• BRIEF
Pictures stay out of this copy; please retype only the lines from the start of the records through the line with "Figure 4-1 (legal serve)".

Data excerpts
►

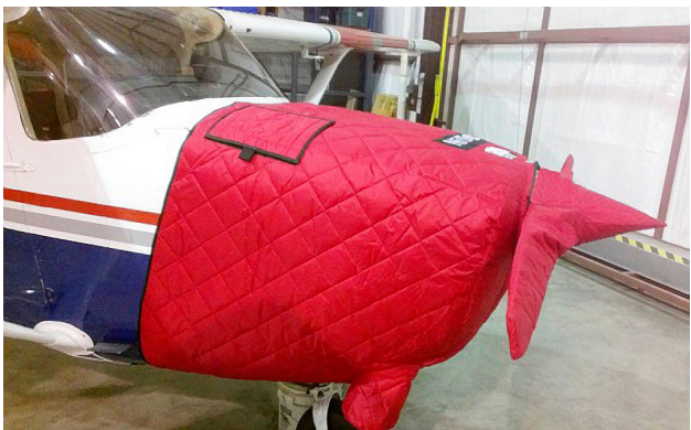
Cessna 172 Insulated Engine Cover w/ Oil Filler Door flap and Insulated Prop/Spinner Cover
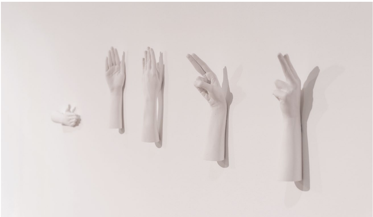
Image: Amalia Pica, please, open, hurry (in memory of Washoe) , 2018.

Curated at PICA by Eugenio Viola, please open hurry has been developed in partnership with The Institute of Modern Art, Brisbane, and The Power Plant, Toronto with the generous support of the Keir Foundation.
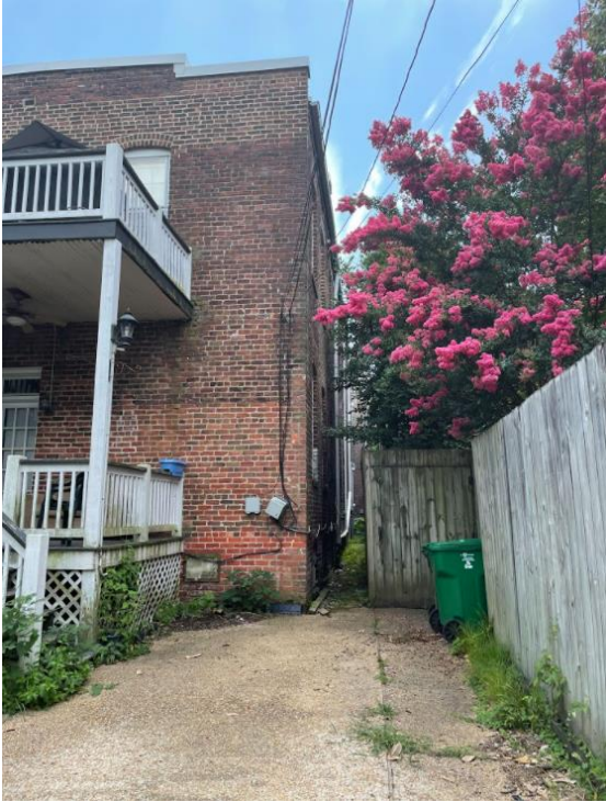
Figure 5. View of the rear from the alley.
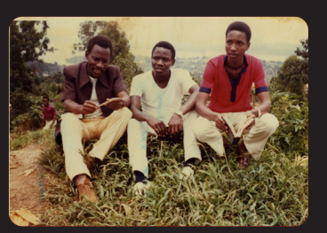
JULE ET FRÉRE
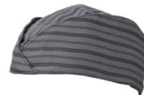
JT – GESSATO THAIT
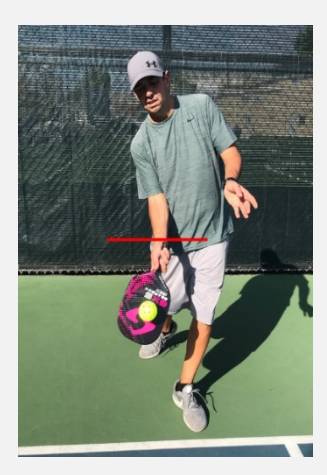
Figure 4-1 (legal serve)
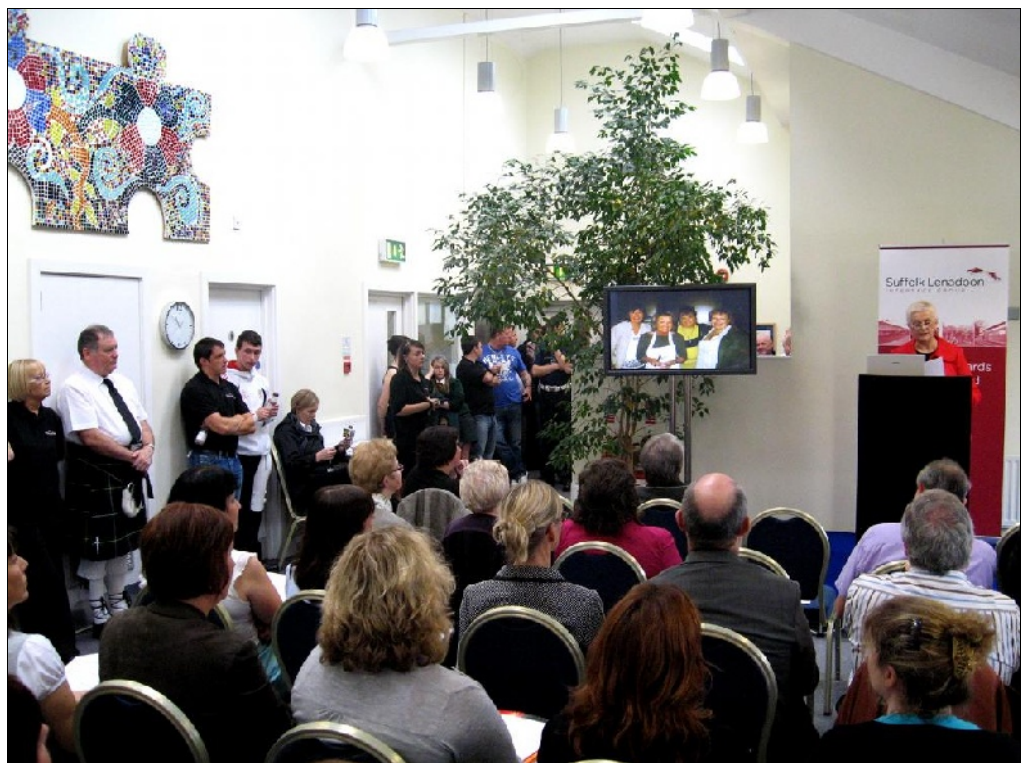
Launch of the Suffolk Lenadoon Interface Group's strategy document "The Interface and Beyond: 2008 - 2013" – September 2008. The Suffolk based Upper Falls Protestant Boys flute band played along with the Lenadoon based Ghleann Collain Irish pipe band at the event.
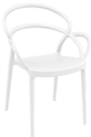
White Code: ZA.1091C
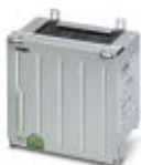
Energy storage device, lead AGM, VRLA technology, 24 V DC, 12 Ah, tool-free battery replacement, automatic detection, and communication with QUINT UPS-IQ

Energy storage - UPS-BAT/VRLA/24DC/12AH - 2320322
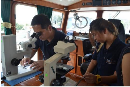
Educational Outreach Program aboard D/Y Lady Jo with Deyi Secondary School in Singapore

The International SeaKeepers Society promotes oceanographic research, conservation and education through direct involvement with the yachting community.
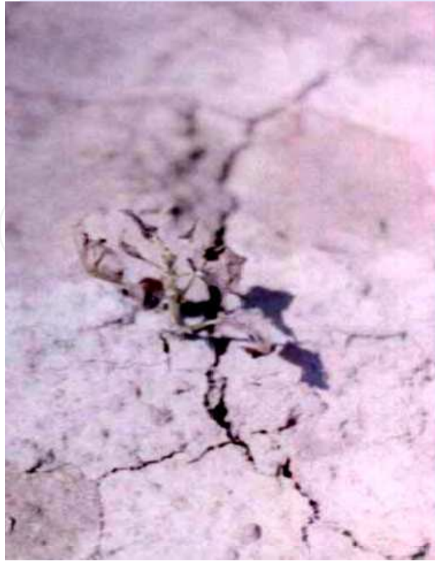
Photo 2. Phytotoxic effect of n poplar seedling ( Populus euramericana , Populus deltoides )
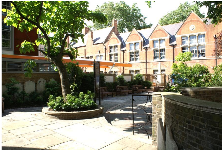
Marylebone Church of England School, from Marylebone Old Church garden
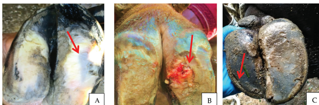
Figure 2. (A) Severe sole hemorrhage (red arrow) and toe necrosis (B) sole ulcer (red arrow lateral claw) (C) white line fissure (red arrow medial claw).

About 90% of lameness disorders in dairy cows are attributed to claw lesions [12]. Claw lesions have been broadly categorized into infectious and non-infectious causes [13]. Non-infectious causes also described as claw horn disruptive lesions (CHDLs), are pathological alterations arising from the internal capsule or claw horn tissues. Sole ulcers (SU), sole hemorrhages (SH) and white line disease (WLD) are the major lesions in this category ( Figure 2 ). These conditions are multifactorial, as supporting evidence suggest the interplay between rumen acidosis laminitis complex, prepartum metabolic, and hormonal changes affecting the stability of the pedal bone and suspensory apparatus [14, 15], as well as biomechanical reaction at the claw-floor interface [16]. In addition, animal-based measures such as body condition loss, reduced thickness of the digital cushion (DC) [17], injured hock, and overgrown claw have been associated with increased odds of CHDLs [18, 19].
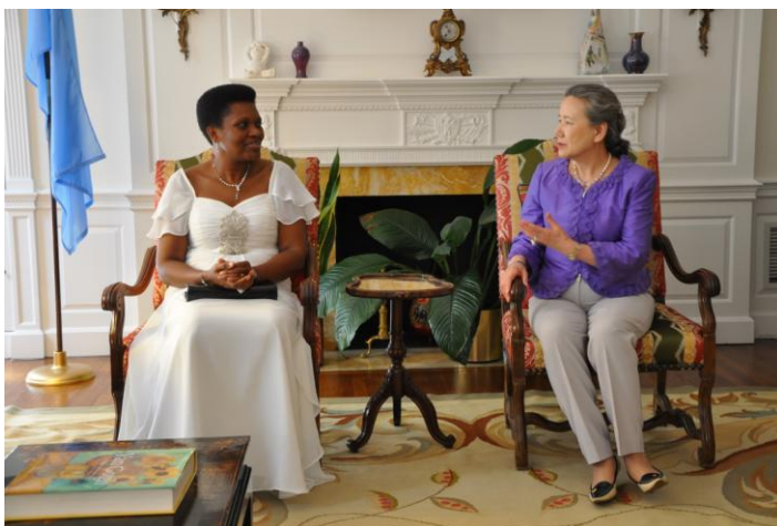
H.E. Mrs. Ban Soon-taek the Spouse of H.E. Ban Ki-Moon the General Secretary of the United Nations appreciates the work of H.E. Rev. Denise NKURUNZIZA for orphans through BUNTU Foundation New York, June 12 th 2013

He was nursed and educated at the Presidential Residence. His mother was treated at the Neuro-Psychiatric Centre of Kamenge in Bujumbura with the help of Rev. Denise. Now, she is healthy, back to Rwanda and remarried.
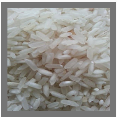
Raw Non Basmati IR64 Rice
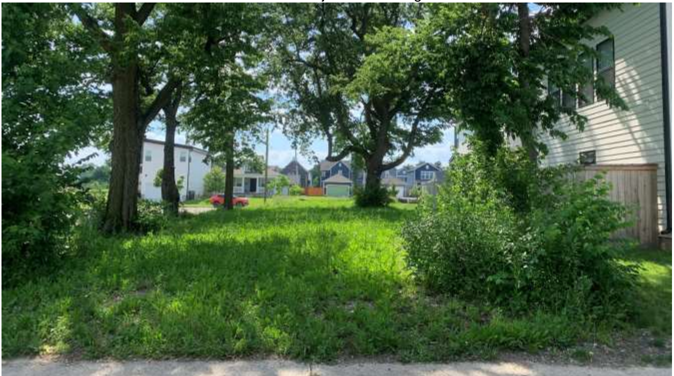
Photo of the subject site looking west.
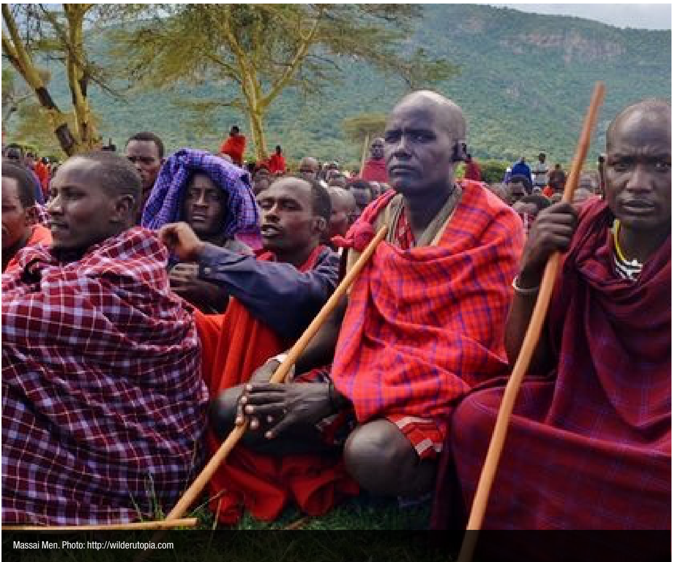
Massai Men.

What then are the main strategies and methods that various institutions have used to implement the VGGT and to make progress towards compliance by states and investors? In the next sections, we discuss five main categories of activity: awareness-raising; capacity-building; national programmes; regional programmes; and M&E.
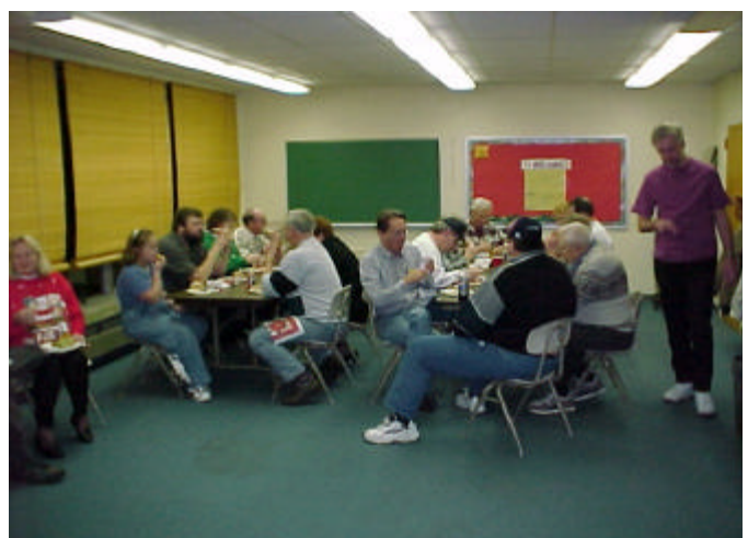
Meeting? Wait a moment, First things first!
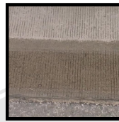
CURING COMPOUND REMOVAL
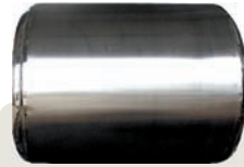
Stainless Steel tank
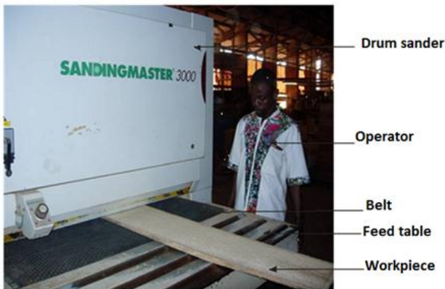
Fig. 3 The drum sander (model 3000) used

A drum sander (model 3000) (figure 3) was used to perform the sanding operation. It has an adjustable table to pick any thickness of wood samples and sand to predetermined thickness.
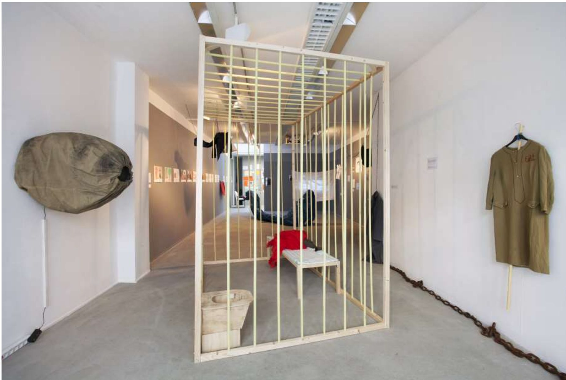
Behind the Carnival , overview at AKINCI, 2018, photo Wytse van Keulen
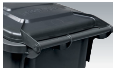
Lid with 2 point hinges
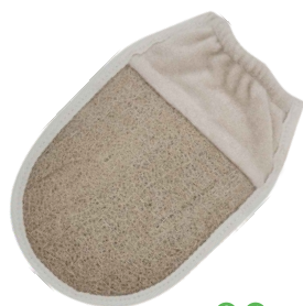
M1005 Double Sided Loofah & Bamboo Mitt
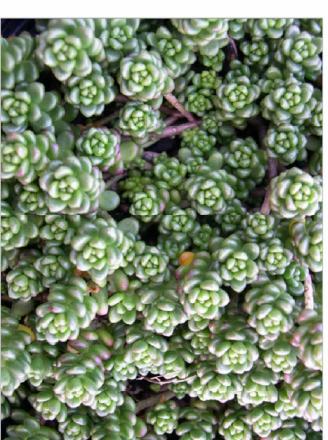
Sedum Album Athoum
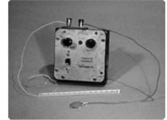
The inspiration for Medtronic's first pacemaker was a musical metronome.
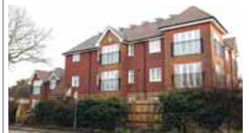
WARLINGHAM £199,950 LEASEHOLD

Modern detached 3 bedroom house in sought after location very close to village centre. 3 bedrooms, bathroom with additional shower cubicle to first floor. Large lounge/dining room with French doors leading to rear courtyard garden. Well fitted kitchen/breakfast room. Paved garden to front. Warlingham Office • 01883 622258
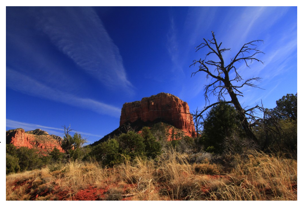
Canon 7D, Canon 10-22 lens, polarizer filter, ISO 100, aperture priority, f/22, focal length 15, exposure time 1/13, exposure compensation -2/3.

In January of 2014 I went to Arizona to see my parents. Sedona was by far my favorite part of our travels, although we only spent 4-5 hours driving around looking at the rock monuments. A lot of planes departing from Phoenix travel above Sedona. Some of the clouds in this photo are contrails from jets passing overhead. My time was limited that day, but I intend to go back some day on my own. There's nothing I love more than loading my camping and photography equipment into my SUV and going adventuring!
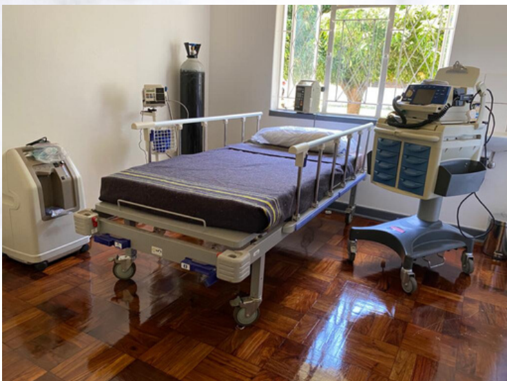
Some COVID-19 Centers are under renovation while some are ready to treat patients showing symptoms of the pandemic.
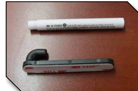
Figure 8 - Hook and Primer 94

7. Insert hook up through the hole in the right rear corner of the driver side floor mat. The hook should fit flush with the underside of the floor mat.
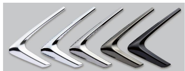
Main plating variations

[From left: Satin, neutral, dark, lacquer black, new lacquer black]
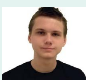
Technical Reporter, Travel Manager, CFO 1st year participant
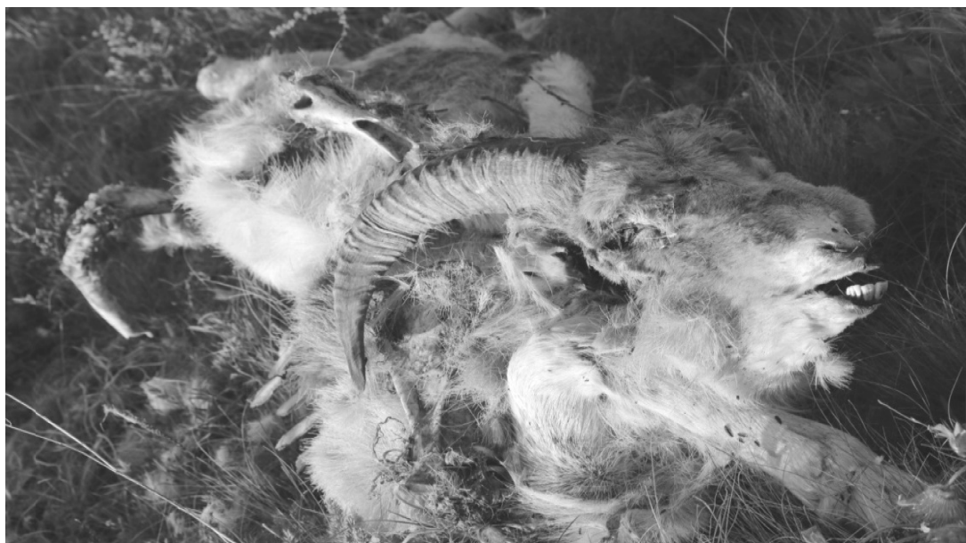
Figure 2. Remains of a young female

Important factor changes of number of arkhar are epidemics and epizodiya. Death caused by necrobatsileis a pyroplasmosis are known [12]. The most significant effect on the number of population of arkhar in Ermentau uplands, as well as in other regions of its habitats, is rendered by wolves (Fig. 2).
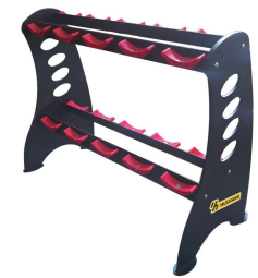
DOUBLE LAYER DUMBBELL RACK HX-6122
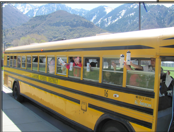
Fourth-graders display the water bottles they received as part of their Water Week observance.
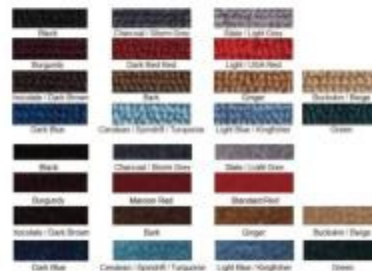
Optional Black Plush Pile

◄

• WRITTEN SOLUTION
Cessna 172 Insulated Engine Cover w/ Oil Filler Door flap and Insulated Prop/Spinner Cover
Image: Amalia Pica, please, open, hurry (in memory of Washoe) , 2018.

Curated at PICA by Eugenio Viola, please open hurry has been developed in partnership with The Institute of Modern Art, Brisbane, and The Power Plant, Toronto with the generous support of the Keir Foundation.
Figure 5. View of the rear from the alley.
JULE ET FRÉRE
JT – GESSATO THAIT
Figure 4-1 (legal serve)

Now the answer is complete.